Saddam Hussein, qui n'a pas duré si longtemps pour rien, faisait d'ailleurs la même chose en donnant à son peuple autant de carottes que de bâton.
Et, pour ce qui est des jeux, l'armée US ne convie guère les Irakiens qu'à de grandes parties de chasse mutuelles à balles réelles dans les rues et les campagnes d'Irak. Bref, il y a de l' amateurisme quelque part…
Mais cette litanie d'insuffisance ne s'arrête pas là. On sait que la grande affaire de l'administration Bush - et plus particulièrement de tous ceux qui, dans son personnel, ont fait carrière dans l'industrie d'armement - est l'usage de la supériorité militaire des Etats-Unis tout à la fois pour mieux assurer les intérêts politiques de Washigton, pour assurer ceux de ladite industrie d'armement et pour avantager les entreprises US travaillant à l'extérieur des Etats-Unis. Les nombreuses entreprises aéronautiques et d'armement ayant beaucoup souffert dans leur trésorerie de la fin de la guerre froide. La réussite d'un  tel projet oblige pourtant à réussir un tour de force qu'aucun empereur romain depuis Claude n'a réussi : faire des conquêtes rentables… La guerre coûte cher. Depuis toujours. Les tribus germaniques sacrifiaient leurs membres mâles, l'empire de Rome ses mercenaires et le produit de ses impôts, l'empire d'Iran les membres de sa noblesse, les califes arabes détruisaient l'assise même de leur économie agricole au profit des guerriers nomades dont ils avaient besoin, Lincoln anéantit la marine marchande des Etats-Unis et désertifia plusieurs des états de l'Union pour sa guerre contre le Sud, l'Etat soviétique sacrifia les espoirs de prospérité de ses citoyens au profit de l'Armée rouge… On  en finirait pas avec cette liste de sacrifices consenti au dieu Mars. Et W. Bush, lui, et tous ses amis qui ne sont jamais battus que pour décrocher des crédits d'Etat là ou des contrats ici, s'imaginaient faire des affaires, de bonnes  affaires, en faisant quelque chose qui n'a jamais rien rapporté qu'à des hommes comme César, Attila  ou Gengis Khan. Vertige de l'esprit d'entreprise US…
Car Attila, César, Gengis Khan avaient fait cette grande découverte qui manque au bagage culturel de W. Bush : pour s'enrichir à la guerre, il faut, premièrement, envahir des pays riches, secondement,  mater bien cruellement leurs populations, troisièmement, mettre la main sur des richesses faciles à emporter. W. Bush a envahi, premièrement, un pays du tiers-monde appauvris par un dictateur sanguinaire, deuxièmement, il voulait se faire applaudir comme un libérateur, troisièmement, les richesses qui faisaient saliver ses amis hommes d'affaires se trouvent enfouis à des centaines de mètres dans le sous-sol et ne sont récupérables qu'au prix d'une remise en état complète et furieusement coûteuse des installations pétrolières du pays…
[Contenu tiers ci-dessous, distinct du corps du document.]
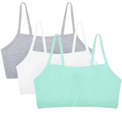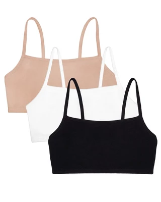 Basics bras for ladies are a wardrobe essential. The Fruit of the Loom Womens Spaghetti Strap Cotton Sports Bras can be layered under any shirt for a pop of color or additional coverage and support. These cotton pullover bras are perfect for everyday wear, designed with easily to hide spaghetti style straps and soft, stretch fabric for a comfortable and flexible fit. A comfortable and lightweight alternative to an underwire bra, the Fruit of the Loom Womens Spaghetti Strap Cotton Sports Bra includes 3 pullover sports bras perfect for everyday wear or low impact workouts. Layer the bras for added support and a strappy look.Wire-free bras designed with soft, stretch cotton for a flexible fit plus 2-ply construction that comfortably hugs and supports while offering modesty without padding. Cami bra style works well under low cut necklines and spaghetti bra straps hide easily under clothing. The ultimate comfort bras, weve thought of everything including a tag-free and hardware-free design. No itchy tags or metal slides on these bras. Our Unconditional Guarantee ensures that you get the best product every time or your money back. So run, jump, bike, or sprint happy with Fruit of the Loom. Additional colors available.
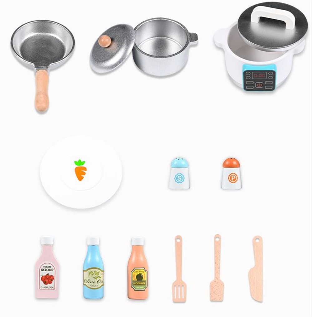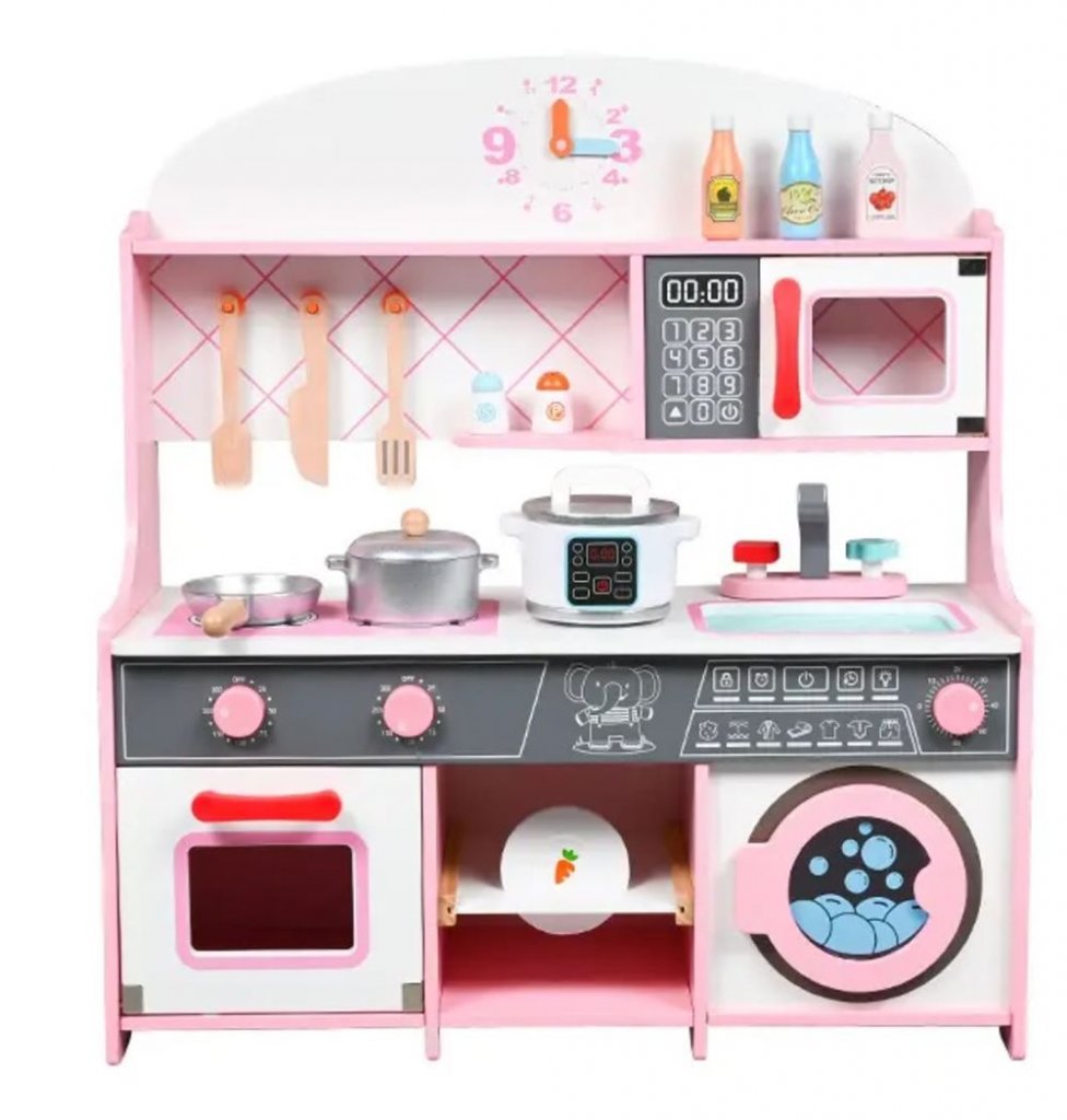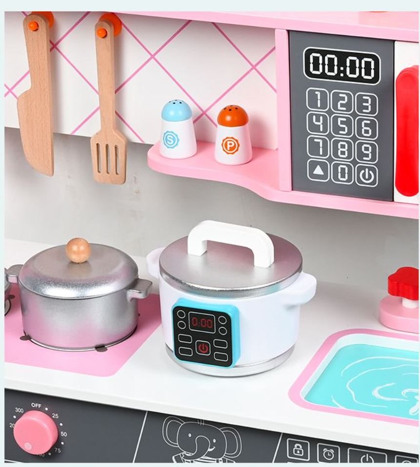 Lelukeittiö on varustettu astianpesukoneella, uunilla, mikroaaltouunilla, tiskialtaalla, hyllyillä sekä runsaalla määrällä keittiövälineitä, mikä mahdollistaa koko ruoanlaittoprosessin leikkimisen alusta loppuun. Kätevät säilytystilat helpottavat tarvikkeiden järjestyksessä pitämistä myös leikin jälkeen.

Et on voit mal les grandes entreprises américaines envoyer leurs hommes exécuter de grands contrats en Irak alors que même les soldats US, plus compétents en matière de contre-guérilla que l'ingénieur pétrolier texan moyen…,  se font tirer comme des lapins. Il ne restera à ces trusts US qu'à sous-traiter à des entreprises irakiennes - celles-là même qui ont reconstruit le pays après la première guerre du Golfe -  les contrats obtenus auprès du nouveau gouvernement irakien. Si même celui-ci veut bien en accorder à des compagnies incapables de se déployer sur le terrain…
Bref, le Grand Dessein de l'administration Bush se dirige joyeusement vers un échec magistral.